Californian artist's drawings in very large format.
Dedicated to different types of portraits realized by the American artist between the end of the 1970s and today, this publication is presented as a luxurious, large-format album, with a dust jacket-cum-poster. The format, layout, and mode of printing underlines the graphic talent of the artist, while the gathering of the works juxtaposes the famous "Distorted Faces" series with the hyperreal portraits, symbolic depictions—such as that of Ronald Reagan whose face is literally haunted by figures from the American culture of violence (Charles Manson, Rambo, etc.)—and Hollywood subjects. We thus rediscover the stylistic and anthropological range of the approach of Jim Shaw, that formidable reader of his country's popular culture, from which he extracts perverse scenarios with a disquieting realism.
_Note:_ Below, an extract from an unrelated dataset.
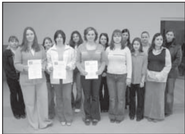
A döntős versenyzők, előtt a dobogós lányok

Tavasszal a versenyek időszakát éljük. A Vajda Péter Gimnázium és Szakközépiskola ügyvitel szakos tanulói számára ez az időszak mindig az intenzív felkészülés, a reménykedés időszaka. Ugyanis ilyenkor rendezik meg az Országos Gépiró- Gyorsíró- és Szövegszerkesztő Bajnokságot, ami a szakmát művelők legrangosabb hazai versenye. Aki itt helytáll, biztosan megkapja a nemzetközi versenyekre, illetve a soron következő világbajnokságra.

Accompanied by a text by Alison Gingeras, this limited edition publication, which echoes the narrative logic of the artist, is based on fragmentation and improbable mixtures of culture: serious and popular, personal and collective, real and fictional.
Awarded: “Most Beautiful Swiss Books 2007”.
Jim Shaw (born 1952 in Midland, Michigan, lives and works in Los Angeles) is an atypical figure in the
Californian art world, sharing with
Paul McCarthy and
Mike Kelley a similar desire to produce an immersive visual oeuvre aimed at exploring the dark side of the American psyche.